Holt Renfrew, once the pinnacle of Toronto fashion retail, now faces slick competition for hearts and wallets from Intermix, The Bay, TNT. Maybe all four will win. But someone's going to win less.

(Photo: Arianna Perricone)

Holt Renfrew in the summer of 2006 was rife with enchantment. Magenta flags fluttered over Bloor Street as though from turrets. A bouttonired gent bounded out of some beautifully mannered, forgotten time to say hello as though you were somebody. Mannequins tilted sleek heads, lithe saleswomen exhaled perfume over your pulse points. And an escalator whisked you up, way up, into a land of dizzy-high prices and dreams. When you came down again, you still felt lifted.

By you, I mean me. But if you can forgive a little solipsism, I think the fashion scene in Toronto has gone from untested and impressionable to worldly, smarter and competitive in about the same time I’ve been watching it. In five years we’ve seen several designers—Erdem, Jeremy Laing, Rad Hourani, Mark Fast, Mikhael Kale, Calla Haynes, Thomas Tait—win international acclaim. Our own fashion week, while not improving commensurately, has exploded with interested—and interesting—college-age bloggers, photographers and stylists. Post-recession, we’ve hooked American chains (Victoria’s Secret, J. Crew) and department stores (Macy’s and Nordstom’s are scouting locations). Conversely, cool local boutiques proliferate. And if the recent, contemporary-to-high-end retail boom is any sort of proof, well, we’re shopping like we’ve never even heard the r-word.
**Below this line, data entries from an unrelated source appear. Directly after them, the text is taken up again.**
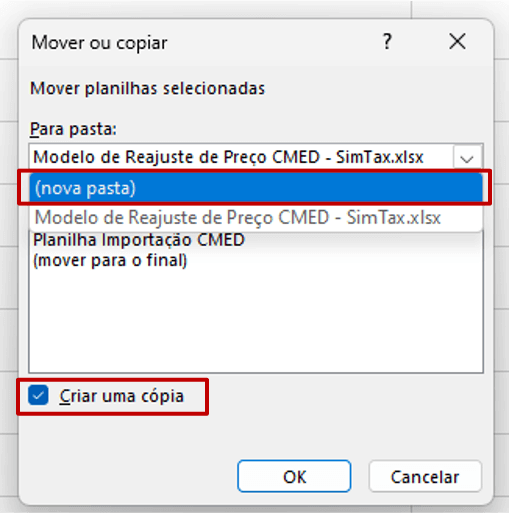 Após escolher a opção “Mover ou Copiar”, um painel será exibido.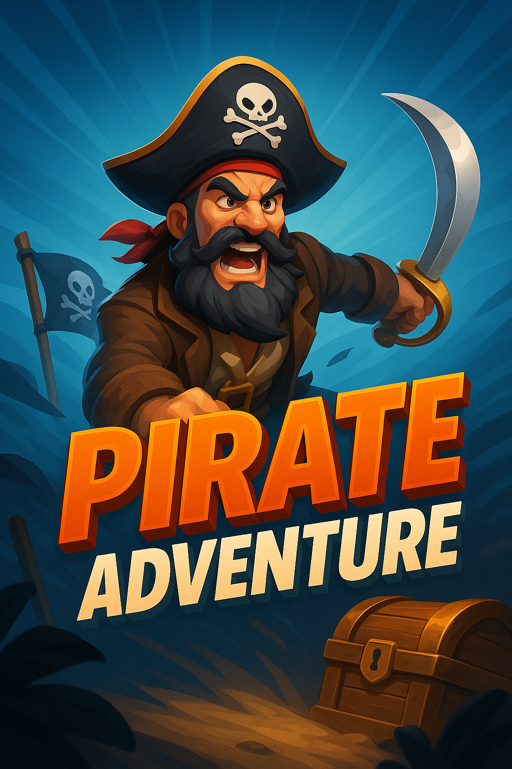 Dynamic Pirate Adventure Scene with Bold Typography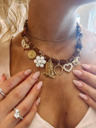 Add a playful country vibe to your look with this Bandana Charm Necklace in warm brown tones. Featuring 9 unique western charms, this handmade necklace brings a fun, one-of-a-kind flair that effortlessly elevates any outfit. Perfect for those who love a trendy twist on classic country style.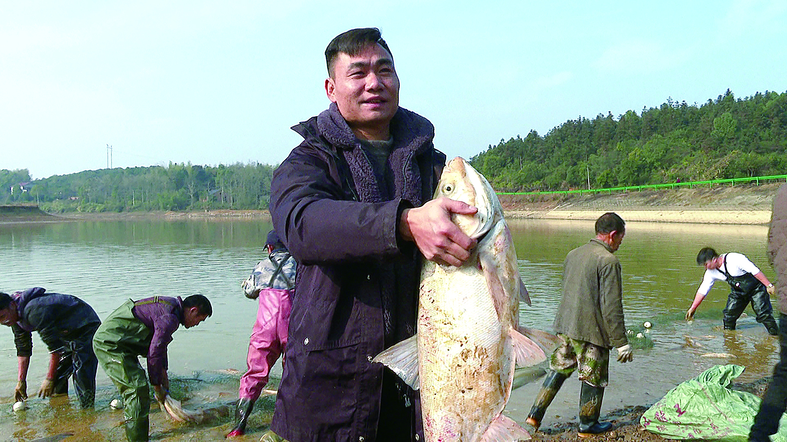 水库内,只见几位穿着连体胶皮裤的捕鱼师傅分开站立,在吆喝声中不停地拉动手中的网,肥美的草鱼、青鱼、白鲢、鲫鱼在网中翻滚,溅起朵朵水花。“这些鱼不吃饲料的,肉质好,很受市场欢迎。”郭塘水库养殖户张武介绍,水库水产养殖面积有60亩,草鱼、鲢鱼、鳙鱼和鲫鱼、桂鱼、鲈鱼、翘嘴应有尽有,鱼类年产量5吨左右,养殖周期在2年以上。
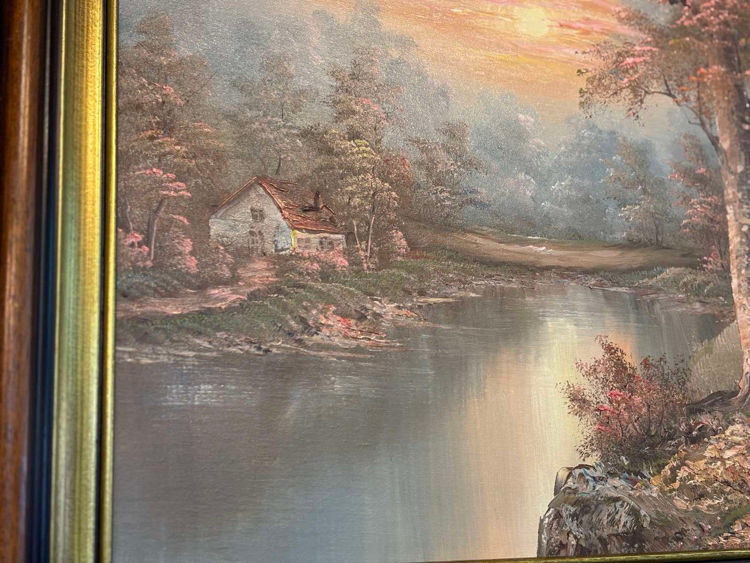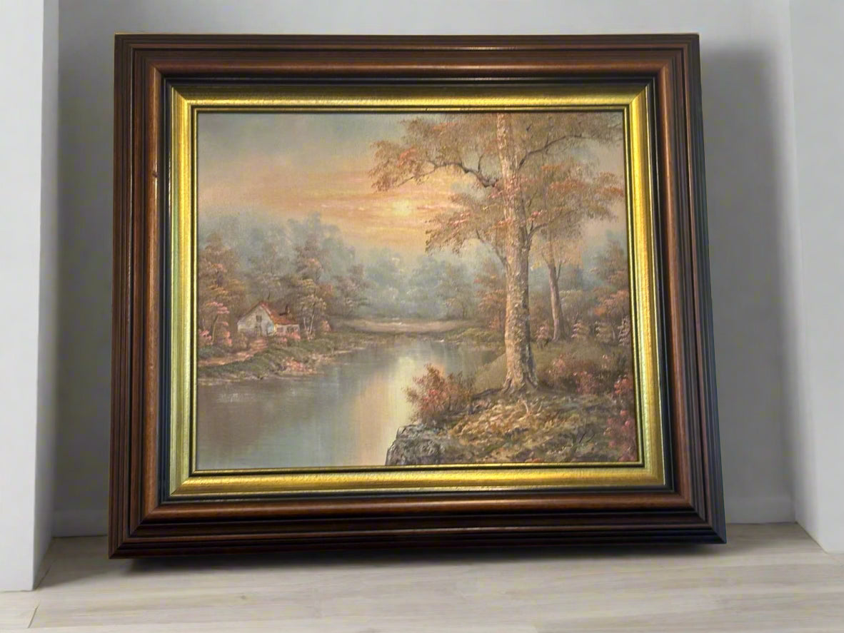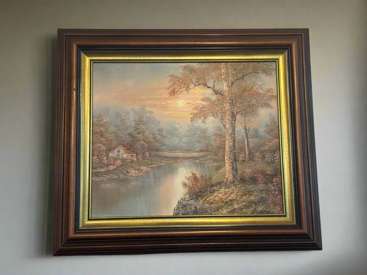 Уникална ръчно рисувана маслена картина, живопис, представяща спокоен пейзаж с река, дървета и залез – истинска хармония между природа и изкуство.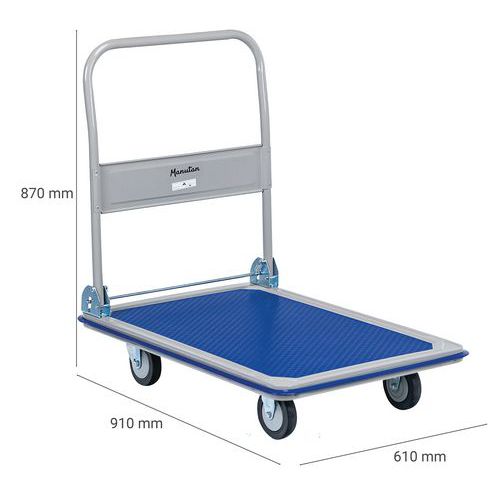 | Termék neve | Manutan Expert platós szállítókocsi lehajtható tolókarral, 300 kg-ig |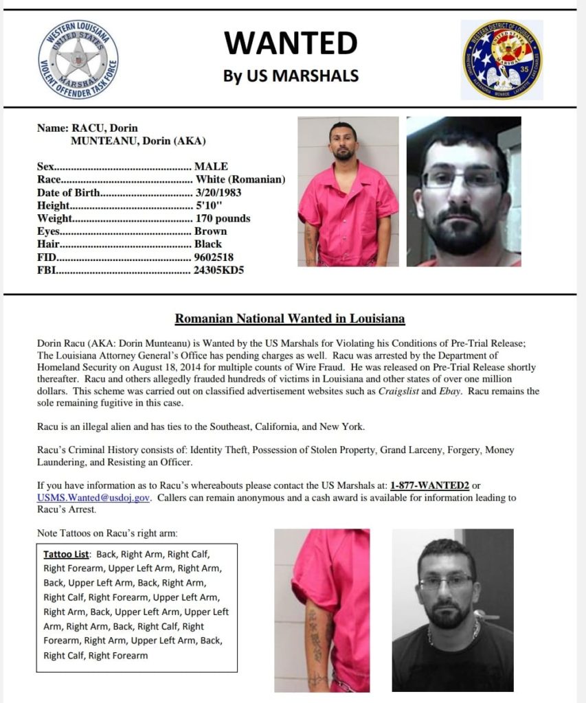 Dorin Racu este străin ilegal și are legături cu sud-estul regiunii Louisiana, California și New York. Istoricul penal al lui Dorin Racu este format din: furt de identitate, deținere de bunuri furate, fals, spălare de bani și opunere de rezistenţă în fata unui ofițer.”

Until three years ago, you might’ve walked out of Holts and gone to the yupscale enclave TNT, or power-snob shops 119 Corbo and (RIP) Hazel. You could’ve trawled European brand-boutiques like Chanel and Hermes, along Bloor. But those places had opened because Holts was there and they seemed more like a package deal than destinations in themselves.

Now Holts has slick competition for the hearts and wallets of those desirable customers, the trust-fund teens and the 20-something, 30-something, even 40-something child-free working women who spend more than they make. Look around. The Bay, helmed by Bonnie Brooks since August 2008, has undergone a fashion-led transformation that extends from The Room, luxurious crown jewel of the Queen Street flagship, to the splashy introduction of Topshop. The mini-chain TNT (short for The New Trend), with two locations in Toronto, just celebrated its 20th anniversary with an expansion and amalgamation of its Hazelton Lanes stores; now it’s 18,000 square feet of contemporary, mostly womens’, clothing and accoutrements. And two weeks ago, Intermix—a major American boutique-style chain, famed for its high-low shuffle and game-changing e-commerce—opened its first Canadian outpost on Bloor. Though just 2,500 square feet, Intermix manages to pack in and rotate through some 250 labels. Not bad, compared to 300 at the four-times-bigger TNT.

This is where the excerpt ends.